Descendants of the last African people abducted into slavery and brought to America‘s shores gathered over the weekend on the banks of an Alabama river to pay tribute to their ancestors.
The descendants of the 110 people aboard the Clotilda, the last known slave ship to bring enslaved African people to the United States, held a ceremony to mark the anniversary of the vessel’s arrival.
Dressed in white and walking slowly to the beat of an African drum, the descendants made their way to the banks of the Mobile River near Alabama’s coast. A wreath of white, yellow and red flowers was carried into the river by a kayaker and released into the waters.

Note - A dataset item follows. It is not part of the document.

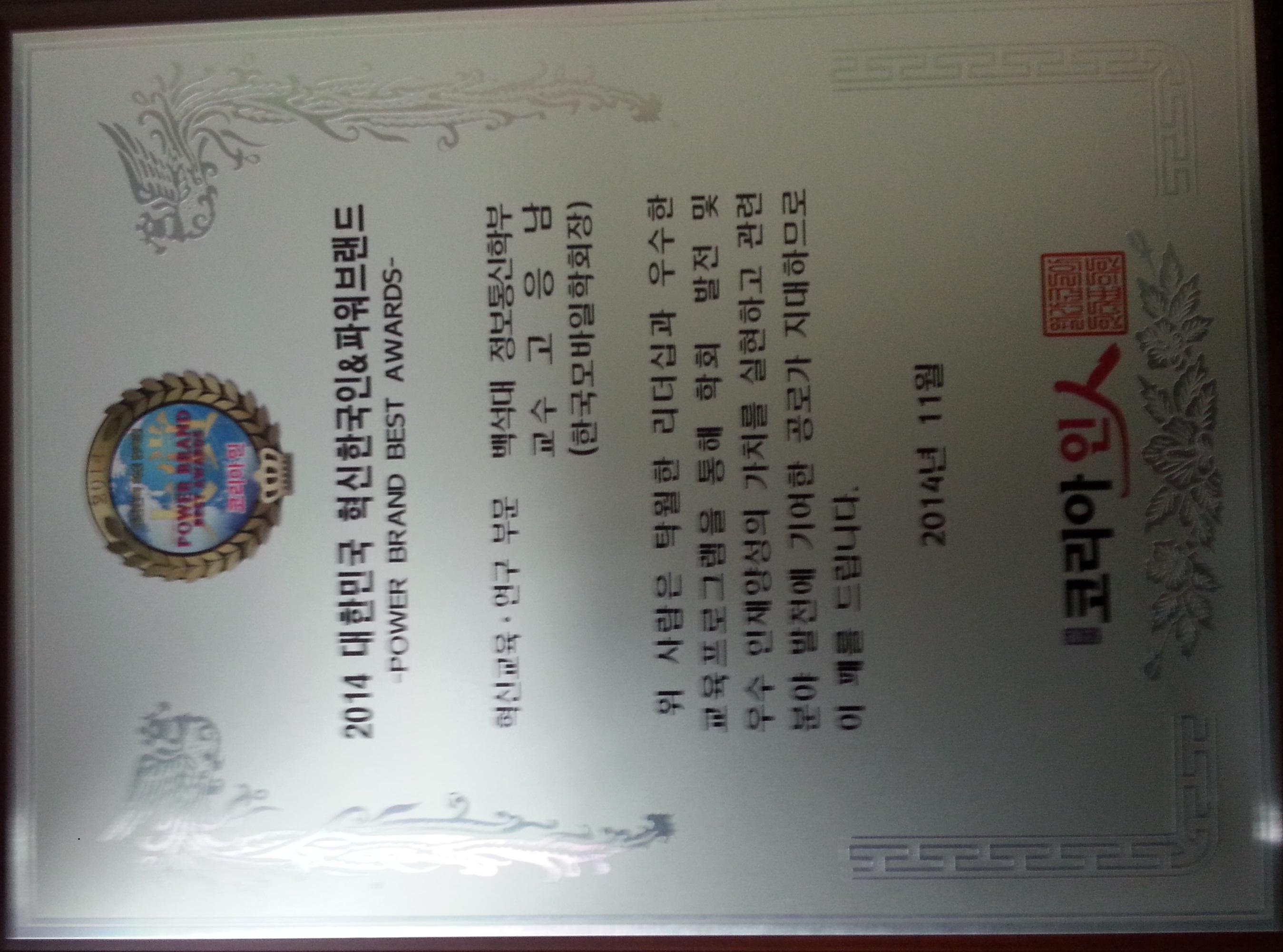 백석대학교 고응남교수님께서 2014년 대학민국 혁신한국인&파워브랜드 혁신교육,연구부분에서 수상을 하게 되었습니다.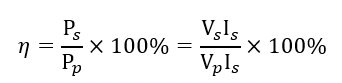 Efisiensi transformator menggambarkan sejauh mana energi input dikonversi menjadi energi output. Karena adanya kerugian daya di dalam transformator, efisiensinya kurang dari 100% yaitu:

In 1860, the Clotilda illegally transported 110 people from what is now the west African nation of Benin to Mobile, Alabama. The voyage happened decades after the law banning the importation of slaves had taken effect when a wealthy plantation owner made a bet he he could smuggle a shipload of enslaved people across the ocean.
“Today is the day that, 162 years ago, 110 enslaved Africans were brought to this country against their will for the purpose of satisfying a bet,” said Darron Patterson, president of the Clotilda Descendants Association, told al.com.
The discovery of the remnants of the Clotilda sparked renewed interest in its saga. But Patterson said the focus should be on the people it carried.
“The ship was pure evil. It was a vessel of evil. The real story was the people inside that cargo hold. Very soon, we’re going to stop talking about the ship as much as we talk about the people. Because the stories of the people are what matter,” he told al.com.
The “landing” ceremony was held near the bridge to the Africatown community founded by Clotilda survivors after the Civil War.
“Proud of my heritage. I’d like to say even more so proud of the resilience and the legacy that they left behind,” descendant Ronald Ellis Jr told FOX10.